Lagarde took over as managing director of the fund in 2011 after her
French predecessor, Dominique Strauss-Kahn, left in disgrace amid
charges — later dismissed — that he had sexually assaulted a woman in a
New York hotel room.
Ms. Lagarde had served as Mr. Sarkozy’s finance minister from 2007 until leaving for the I.M.F.
Mr.
Tapie, who had been in a long dispute with a state-owned bank, Crédit
Lyonnais, walked away from the arbitration in 2008 with an award of more
than €400 million. Mr. Tapie had accused the bank in 1993 of bilking
him when it oversaw the sale of his stake in Adidas.
In
2007, the year before the award, Mr, Tapie, who had been a career
Socialist, suddenly backed Mr. Sarkozy’s center-right Union for a
Popular Movement party. The amount of the award came as a shock to many,
and the investigation that now involves Ms. Lagarde began after critics
accused Mr. Sarkozy’s government of having carried out a sham
arbitration.
Stéphane
Richard, Ms. Lagarde’s former chief of staff and currently the chief
executive of Orange, the French telecommunications giant, has already
been placed under formal investigation on “suspicion of organized fraud.”
Since
the start of the investigation, prosecutors have discovered that Mr.
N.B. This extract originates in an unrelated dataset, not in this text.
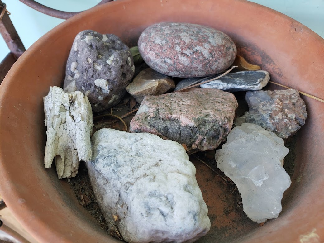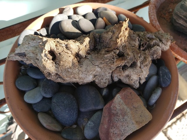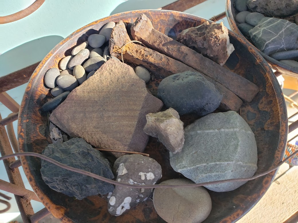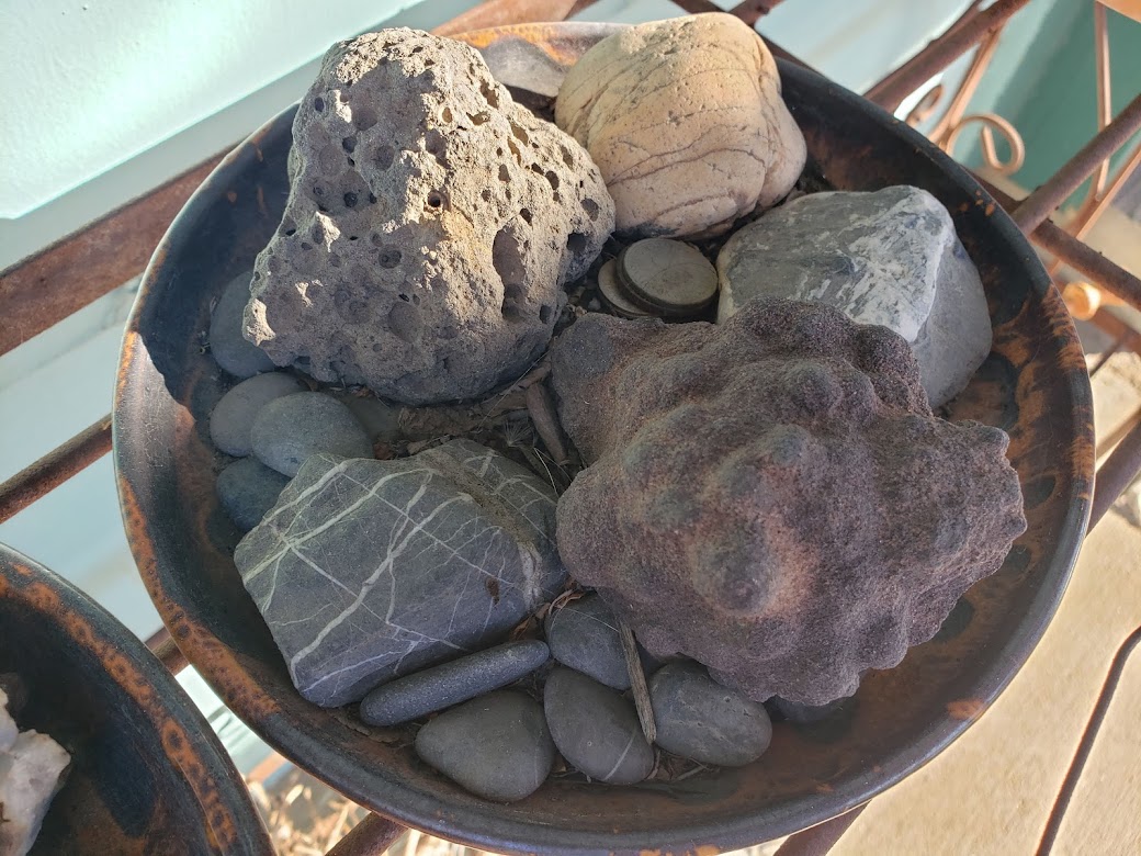 And now, I’m not sure why, I’m supposed to show the collection of rocks that sit in dishes out on the patio. The guy I live with said to, so I will. These don’t have anything to do with the color white, except there is an old bone in one of the dishes.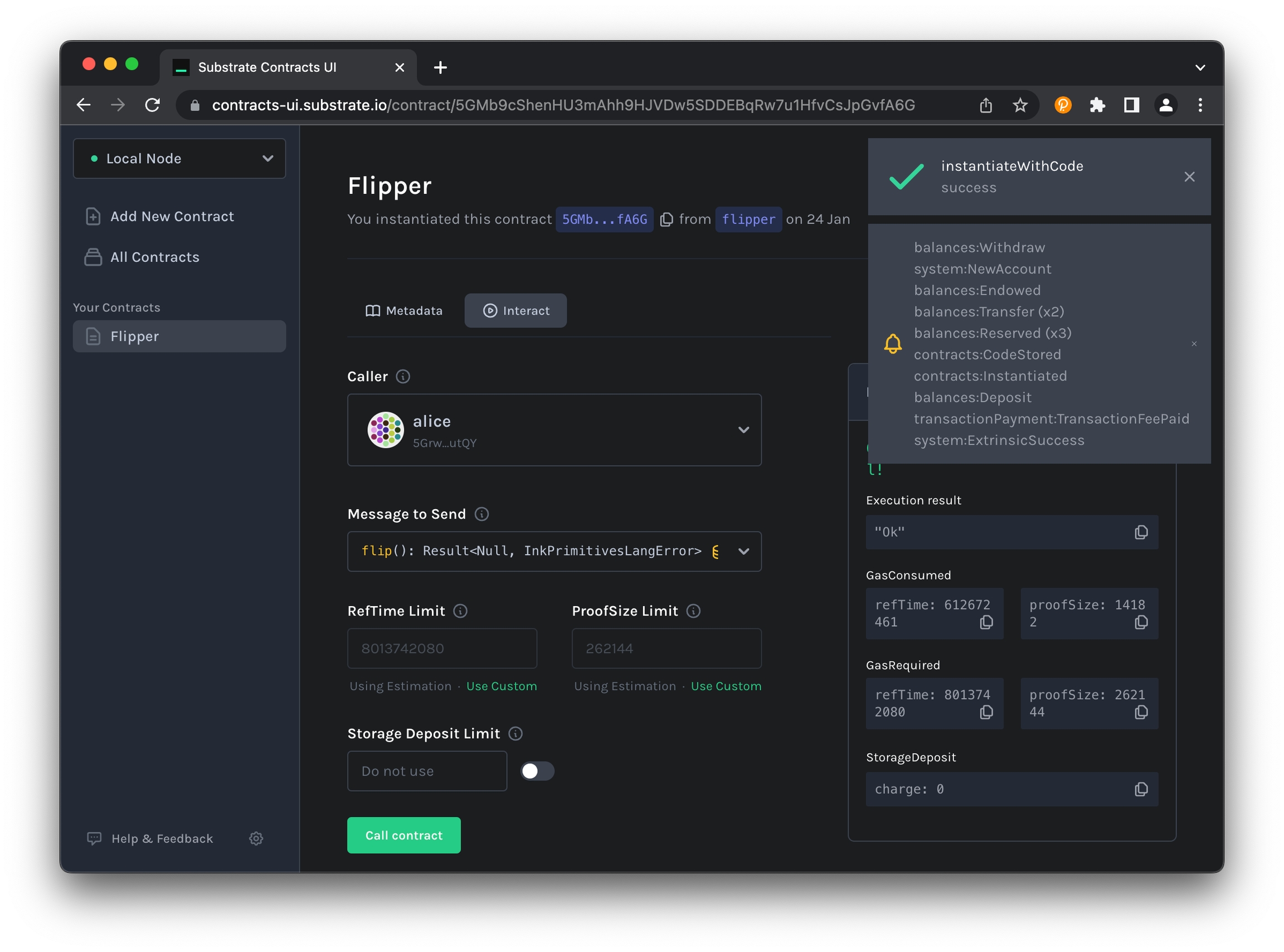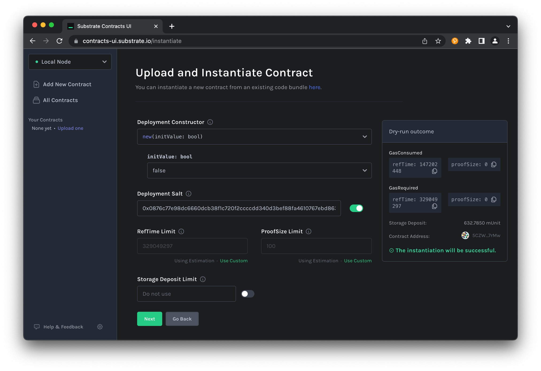 cargo contract instantiate --suri //Alice --args trueLast updated

Tapie and his lawyer had had an undisclosed relationship with the
chairman of the arbitration panel, Pierre Estoup, at the time the
procedure was held. All three are now under formal investigation for
possible fraud.
Prosecutors
have been trying to understand at what point Ms. Lagarde learned about
potential
irregularity in the procedure and why she did not act to stop it.
irregularity in the procedure and why she did not act to stop it.
Mr.
Tapie has always maintained that he was entitled to the money, and has
described the investigation as a politically motivated attack by the
Socialists on Mr. Sarkozy.
Prosecutors in Paris could not immediately be reached for comment.
In
a statement, the I.M.F. communications director, Gerry Rice, said Ms.
Lagarde was “now on her way back to Washington and will, of course,
brief the board as soon as possible. Until then, we have no further
comment.”
Ms.
Lagarde’s lawyer did not immediately return a request for comment, but
Ms. Lagarde told Agence France-Presse that she had no intention of
stepping down from her post at the monetary fund.